» Task directions
Going line by line through the records below, write out everything starting with the line containing "6528 Modal Şal Detaylı Gömlek" and going on through the line containing "The township of", exactly and inclusively. Pictures do not go in.

» Given records

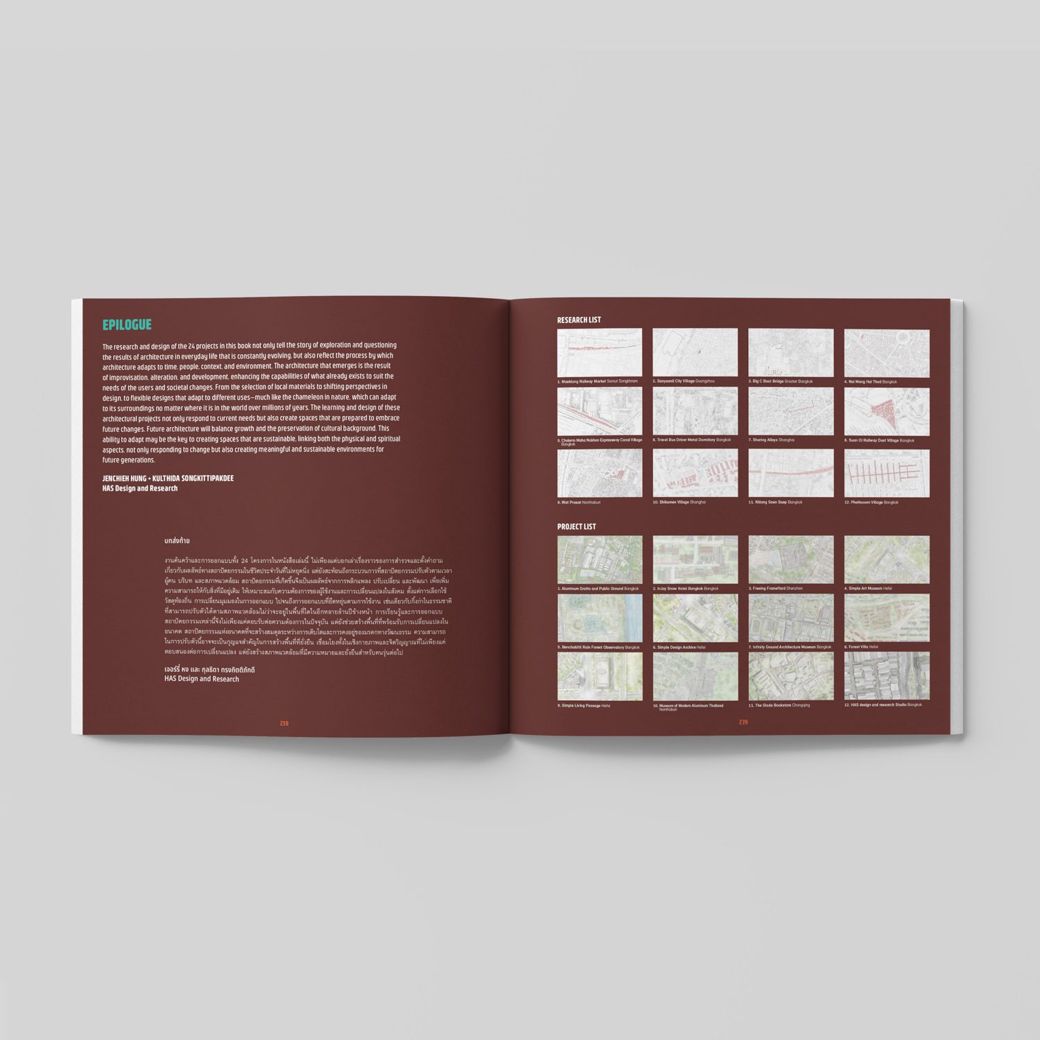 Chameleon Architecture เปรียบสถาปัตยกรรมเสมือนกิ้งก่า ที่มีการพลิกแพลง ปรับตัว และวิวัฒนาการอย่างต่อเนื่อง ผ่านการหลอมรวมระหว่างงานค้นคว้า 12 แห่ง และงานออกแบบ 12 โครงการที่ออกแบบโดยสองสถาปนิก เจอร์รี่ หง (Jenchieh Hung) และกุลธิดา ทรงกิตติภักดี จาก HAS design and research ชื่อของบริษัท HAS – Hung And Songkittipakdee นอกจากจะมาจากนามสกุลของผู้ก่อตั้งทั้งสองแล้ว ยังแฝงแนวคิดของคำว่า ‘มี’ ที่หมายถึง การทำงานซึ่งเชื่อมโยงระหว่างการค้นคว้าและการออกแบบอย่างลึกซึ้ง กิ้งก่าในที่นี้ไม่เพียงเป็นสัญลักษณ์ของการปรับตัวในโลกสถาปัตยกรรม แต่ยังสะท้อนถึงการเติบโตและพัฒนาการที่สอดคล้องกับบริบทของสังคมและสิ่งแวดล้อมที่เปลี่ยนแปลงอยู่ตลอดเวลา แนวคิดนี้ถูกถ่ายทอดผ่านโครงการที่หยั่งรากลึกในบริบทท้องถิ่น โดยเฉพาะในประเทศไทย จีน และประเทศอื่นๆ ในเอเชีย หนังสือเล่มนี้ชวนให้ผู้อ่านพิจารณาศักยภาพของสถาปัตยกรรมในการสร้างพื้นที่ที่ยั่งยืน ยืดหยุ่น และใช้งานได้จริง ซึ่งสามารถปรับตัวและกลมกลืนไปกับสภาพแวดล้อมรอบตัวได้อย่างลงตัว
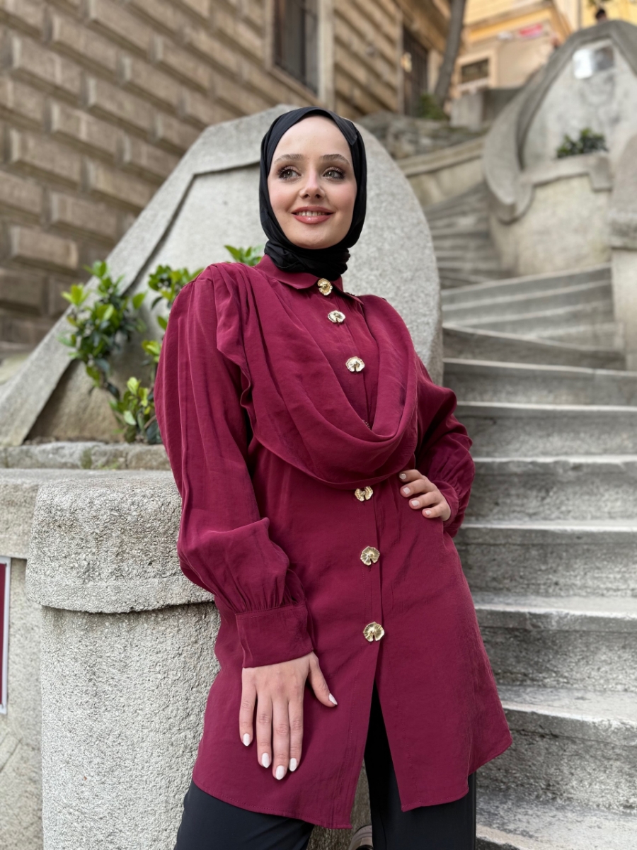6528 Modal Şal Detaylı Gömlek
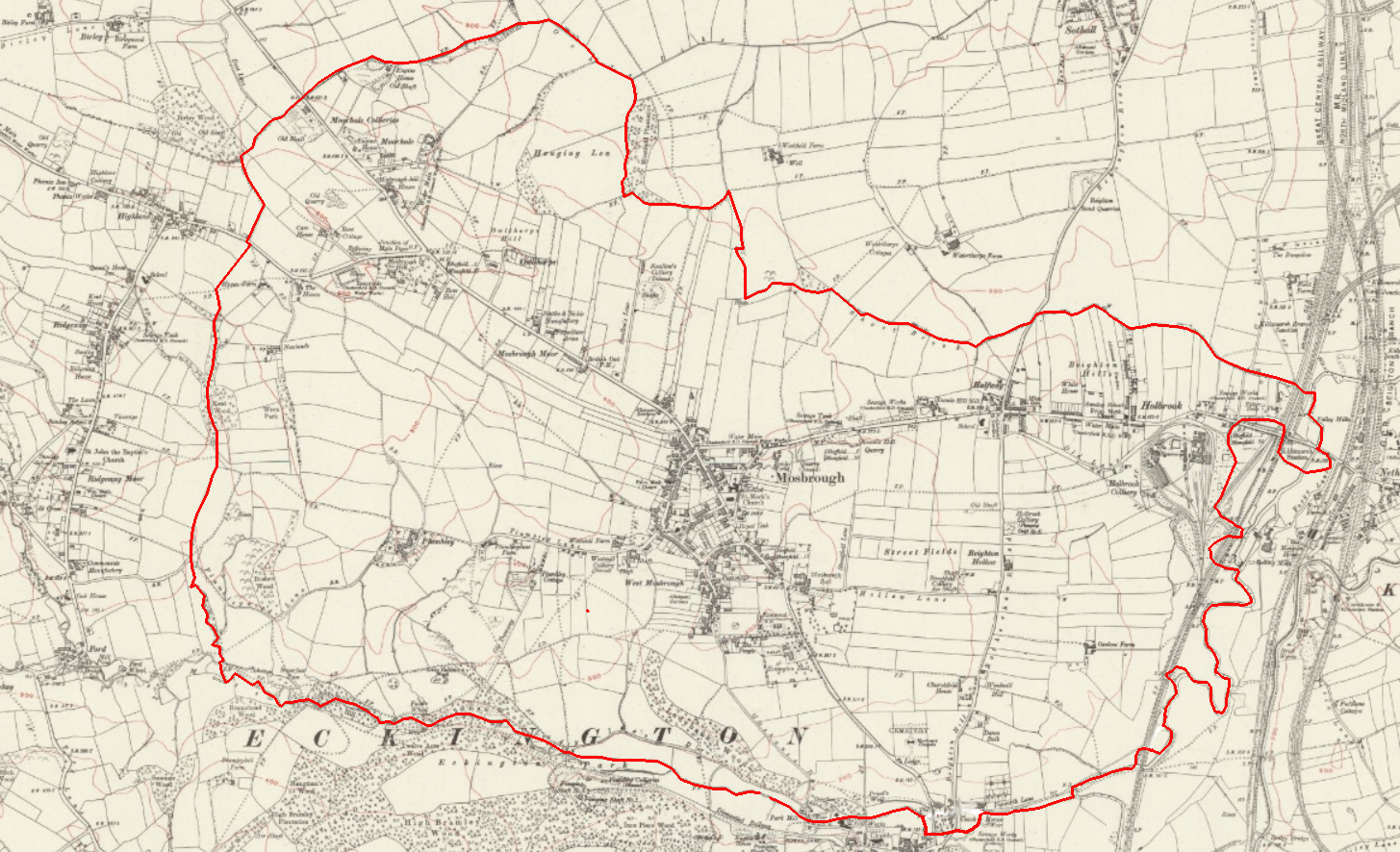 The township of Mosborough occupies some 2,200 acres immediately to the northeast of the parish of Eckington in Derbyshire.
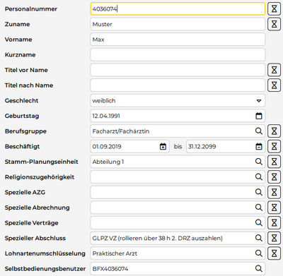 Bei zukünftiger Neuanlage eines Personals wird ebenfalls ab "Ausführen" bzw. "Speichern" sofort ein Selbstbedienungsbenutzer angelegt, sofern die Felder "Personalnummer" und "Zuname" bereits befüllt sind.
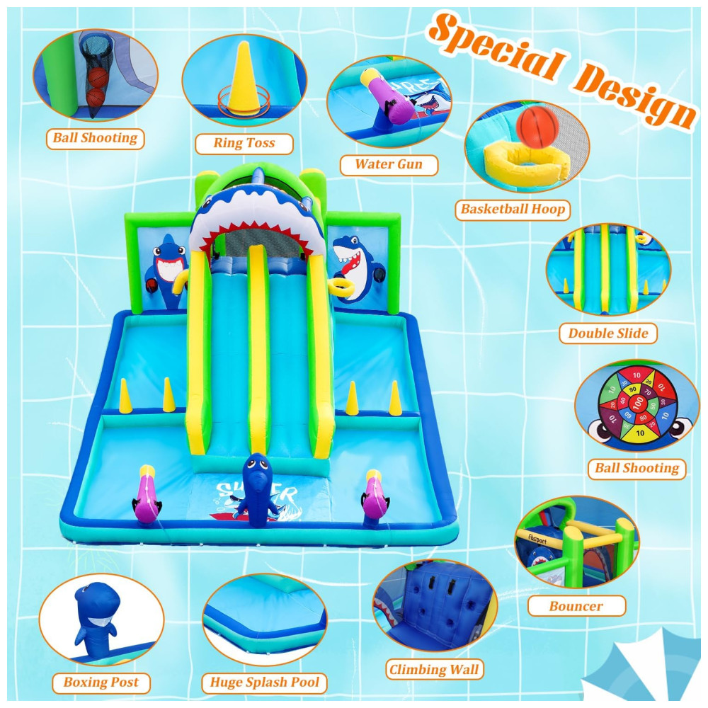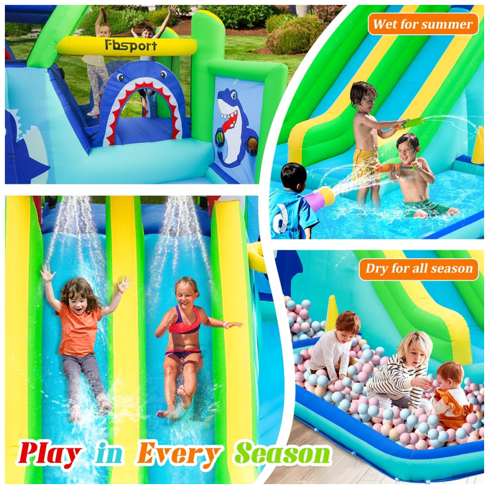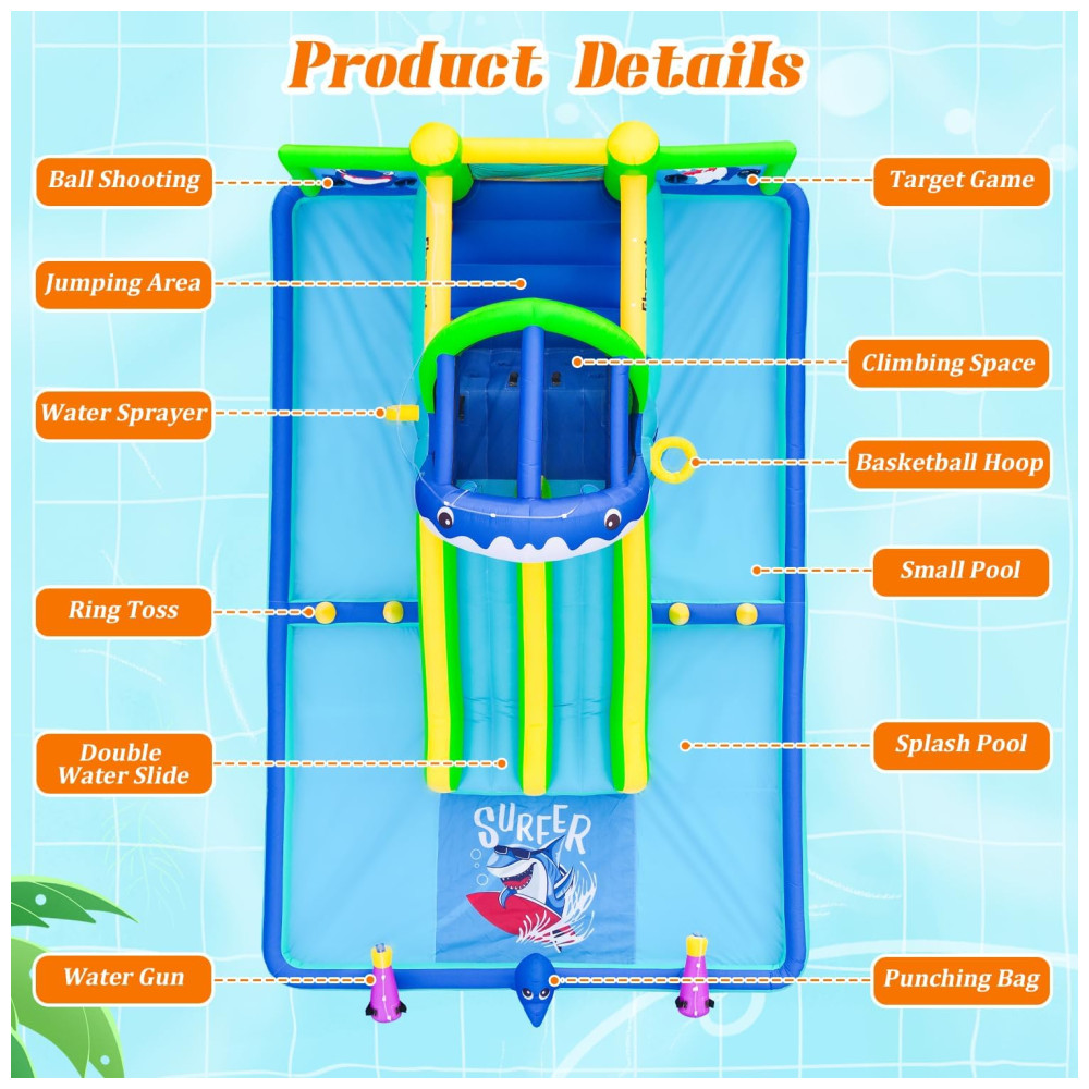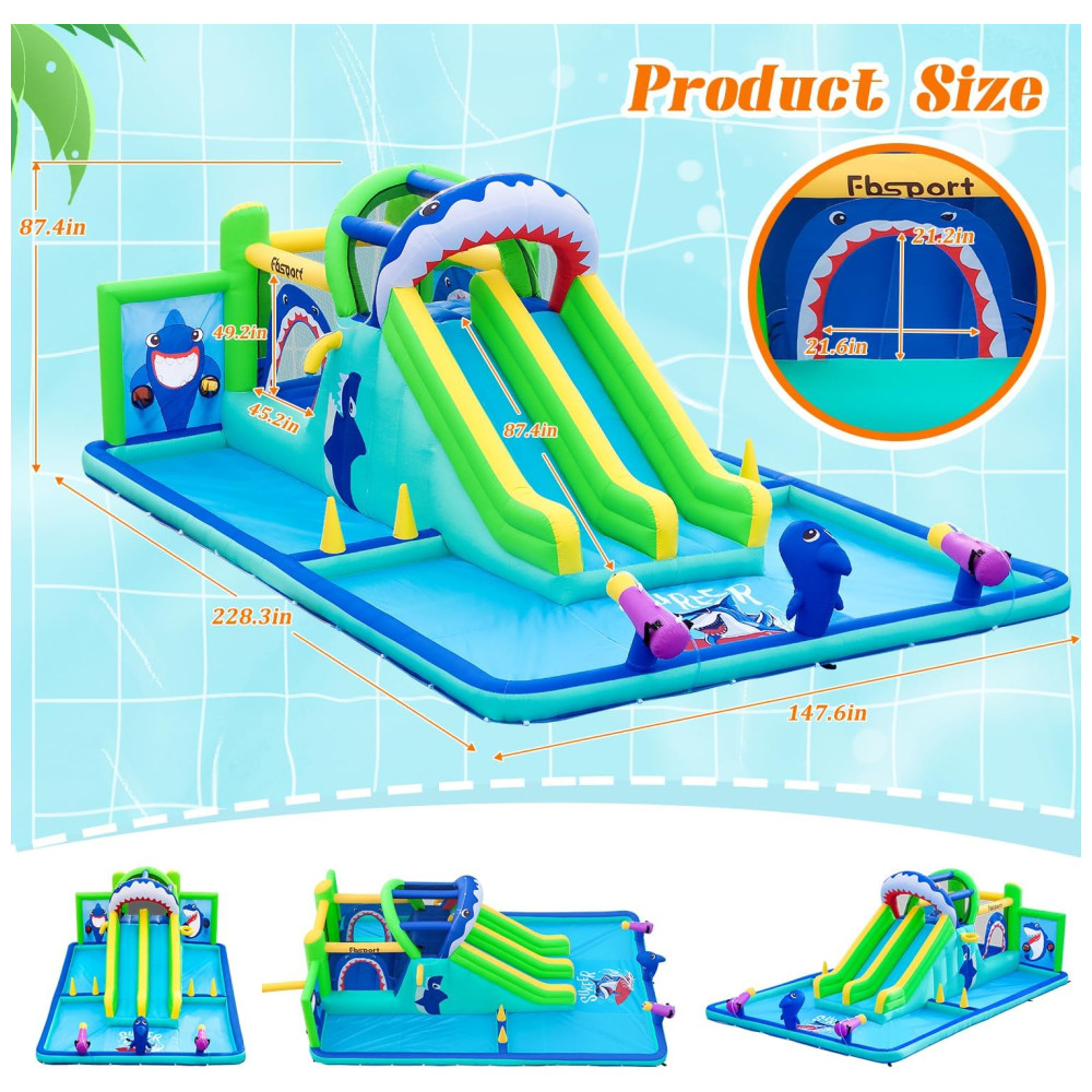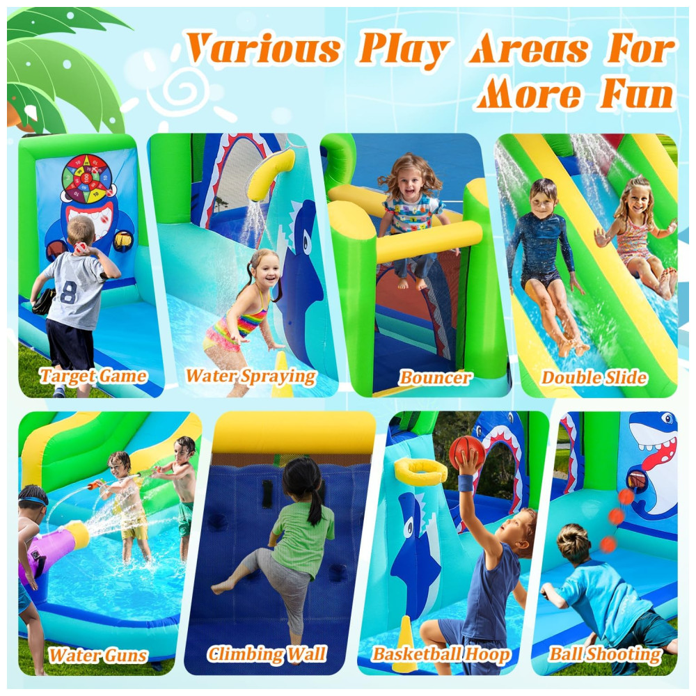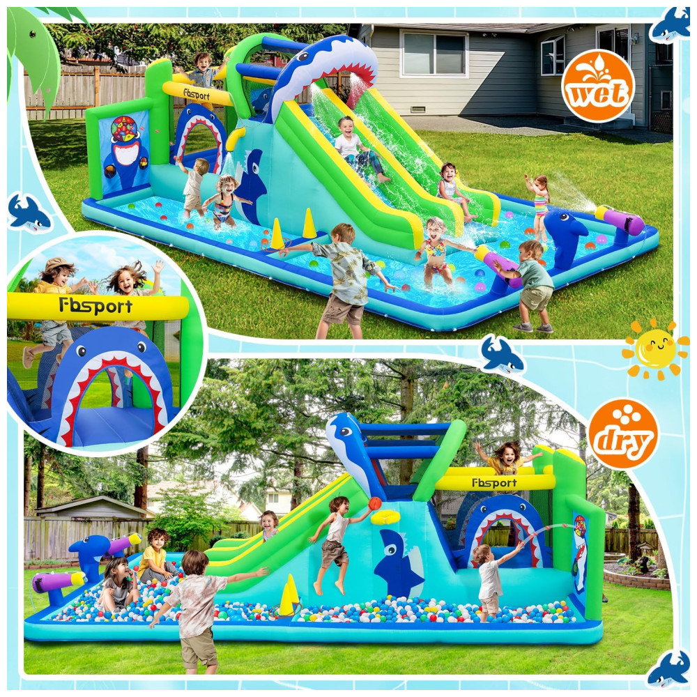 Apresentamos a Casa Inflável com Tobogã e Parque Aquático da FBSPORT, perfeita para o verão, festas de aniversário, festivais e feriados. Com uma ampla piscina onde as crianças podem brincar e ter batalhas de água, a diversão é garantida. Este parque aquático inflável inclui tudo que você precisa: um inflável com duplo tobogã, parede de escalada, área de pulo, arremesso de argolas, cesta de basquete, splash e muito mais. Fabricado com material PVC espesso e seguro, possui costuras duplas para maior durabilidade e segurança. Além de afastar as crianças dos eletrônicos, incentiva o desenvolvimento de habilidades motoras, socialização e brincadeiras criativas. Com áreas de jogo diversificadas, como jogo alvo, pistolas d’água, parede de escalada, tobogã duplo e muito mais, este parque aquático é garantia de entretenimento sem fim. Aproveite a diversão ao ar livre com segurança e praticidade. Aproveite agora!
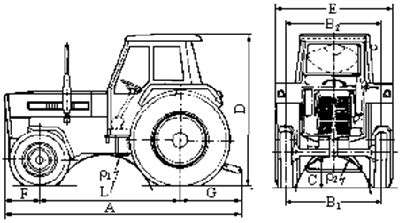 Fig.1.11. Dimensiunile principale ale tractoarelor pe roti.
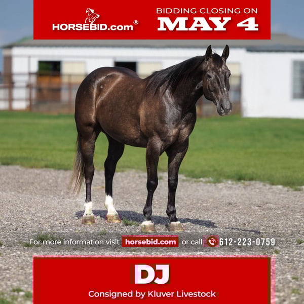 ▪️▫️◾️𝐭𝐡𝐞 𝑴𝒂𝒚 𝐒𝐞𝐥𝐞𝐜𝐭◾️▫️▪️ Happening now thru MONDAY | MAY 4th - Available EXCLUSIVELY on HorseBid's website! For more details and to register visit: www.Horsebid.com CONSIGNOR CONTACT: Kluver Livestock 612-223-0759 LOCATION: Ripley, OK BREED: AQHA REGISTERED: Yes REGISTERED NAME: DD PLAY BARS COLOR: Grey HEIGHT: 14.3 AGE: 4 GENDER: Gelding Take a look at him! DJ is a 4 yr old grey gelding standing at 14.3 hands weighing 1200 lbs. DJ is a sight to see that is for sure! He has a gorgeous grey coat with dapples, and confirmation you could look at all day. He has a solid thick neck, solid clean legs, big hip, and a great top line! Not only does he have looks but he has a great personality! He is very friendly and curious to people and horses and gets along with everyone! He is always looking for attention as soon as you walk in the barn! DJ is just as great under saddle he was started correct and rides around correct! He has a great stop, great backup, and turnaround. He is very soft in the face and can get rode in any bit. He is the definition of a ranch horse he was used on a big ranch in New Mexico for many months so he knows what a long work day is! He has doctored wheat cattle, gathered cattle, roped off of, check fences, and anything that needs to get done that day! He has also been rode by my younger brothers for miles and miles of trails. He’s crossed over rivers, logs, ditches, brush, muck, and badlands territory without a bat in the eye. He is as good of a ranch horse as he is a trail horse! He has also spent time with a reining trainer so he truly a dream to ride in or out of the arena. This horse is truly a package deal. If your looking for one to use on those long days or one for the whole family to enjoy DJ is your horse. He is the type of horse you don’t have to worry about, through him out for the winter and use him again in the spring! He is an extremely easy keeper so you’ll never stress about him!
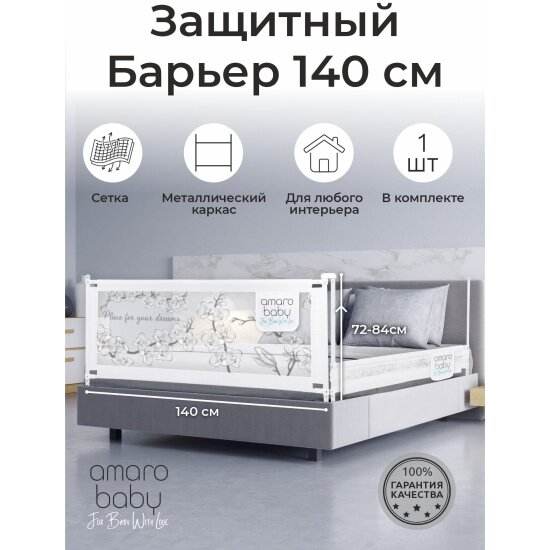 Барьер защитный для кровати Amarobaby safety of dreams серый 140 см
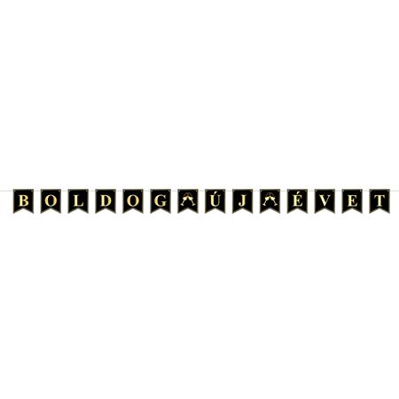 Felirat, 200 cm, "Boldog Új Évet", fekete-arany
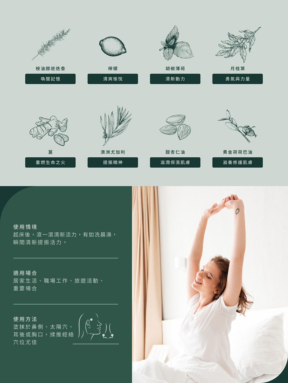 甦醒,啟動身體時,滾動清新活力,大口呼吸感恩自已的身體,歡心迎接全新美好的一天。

» Solution to the exercise
6528 Modal Şal Detaylı Gömlek
 The township of Mosborough occupies some 2,200 acres immediately to the northeast of the parish of Eckington in Derbyshire.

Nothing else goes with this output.